I've looked at numpy.savetxt and the python csv package but for disk size, precision, and speed reasons I would prefer for the output file to be binary. numpy.save is good except that I can't figure out how to make it append to an unknown array size.
I have to work in Python2.7 because of some dependencies needed to read these frames. What I have done so far is made a function able to write all of the frames with a matching header to a single binary file:
input_data = Funky_Data_Reader_that_doesnt_matter(input_filename)

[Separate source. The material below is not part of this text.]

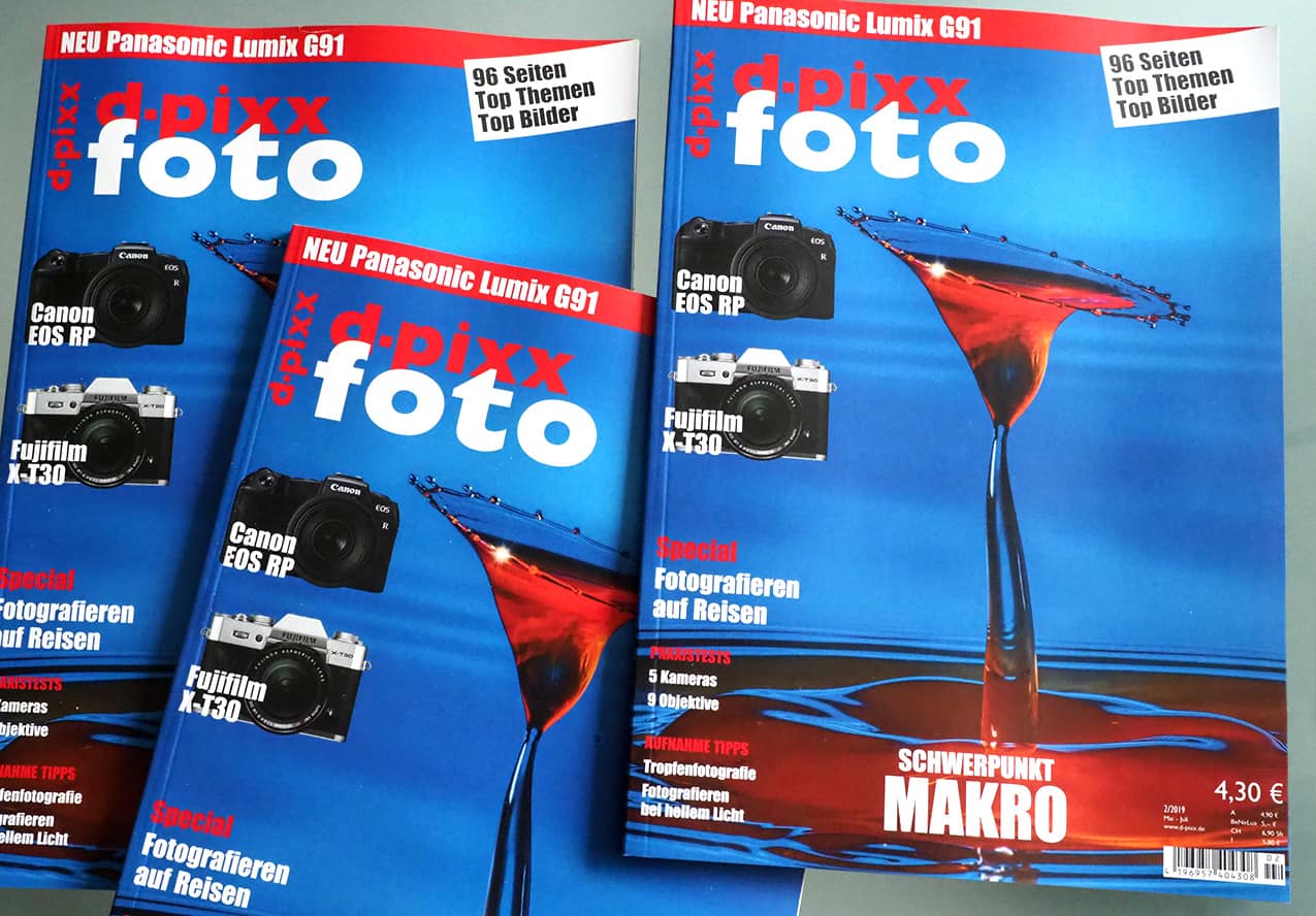 In Ausgabe 02/2019 liegt unser Themenschwerpunkt auf der Nah- und Makro-Fotografie. Wir geben verschiedenste Tipps, und zeigen wie aktuelle LED-Leuchten von Kaiser trotz kompakter Abmessungen eine ganze Menge Licht produzieren können. Ebenso werfen wir einen Blick auf Techniken wie Post-Fokus, Fokus-Bracketing und Fokus-Stacking. Beeindruckend ist darüber hinaus die Tropfen-Fotografie, wie sie auf unserem aktuellen Titel zusehen ist.

with open("singleFrameHeader", 'ab') as f:
current_data = input_data.readFrame() # This loads the next frame in the file
if current_data.header == 0:
float_arr = np.array(current_data.data).view(float)
float_arr.tofile(f)
This works great, but what I need to extend it to be two dimensional. I'm starting to look at h5py as an option, but was hoping there is a simpler solution.
What would be great is something like
input_data = Funky_Data_Reader_that_doesnt_matter(input_filename)
with open("bigMatrix", 'ab') as f:
current_data = input_data.readFrame() # This loads the next frame in the file
index = current_data.header
float_arr = np.array(current_data.data).view(float)
float_arr.tofile(f, index)
Any help is appreciated. I thought this would be a more common use-case to read and write to a 2D binary file in append mode.
You have two problems: one is that a file contains sequential data, and the other is that numpy binary files don't store shape information.
A simple way to start solving this would be to carry through with your initial idea of converting the data into files by header, then combining all the binary files into one large product (if you still feel the need to do so).
You could maintain a map of the headers you've found so far to their output files, data size, etc. This will allow you to combine the data more intelligently, if for example, there are missing chunks or headers or something.
from contextlib import ExitStack
from os import remove
from tempfile import NamedTemporaryFile
from shutil import copyfileobj
import sys
class Header:
__slots__ = ('id', 'count', 'file', 'name')
def __init__(self, id):
self.id = id
self.count = 0
self.file = NamedTemporaryFile(delete=False)
self.name = self.file.name
def write_frame(self, frame):
data = np.array(frame.data).view(float)
self.count += data.size
data.tofile(self.file)
input_data = Funky_Data_Reader_that_doesnt_matter(input_filename)
file_map = {}
with ExitStack() as stack:
while True:
frame = input_data.next_frame()
if frame is None:
break # recast this loop as necessary
if frame.header not in file_map:
header = Header(frame.header)
stack.enter_context(header.file)
file_map[frame.header] = header
else:
header = file_map[frame.header]
header.write_frame(frame)
max_header = max(file_map)
max_count = max(h.count for h in file_map)
with open('singleFrameHeader', 'wb') as output:
output.write(max_header.to_bytes(8, sys.byteorder))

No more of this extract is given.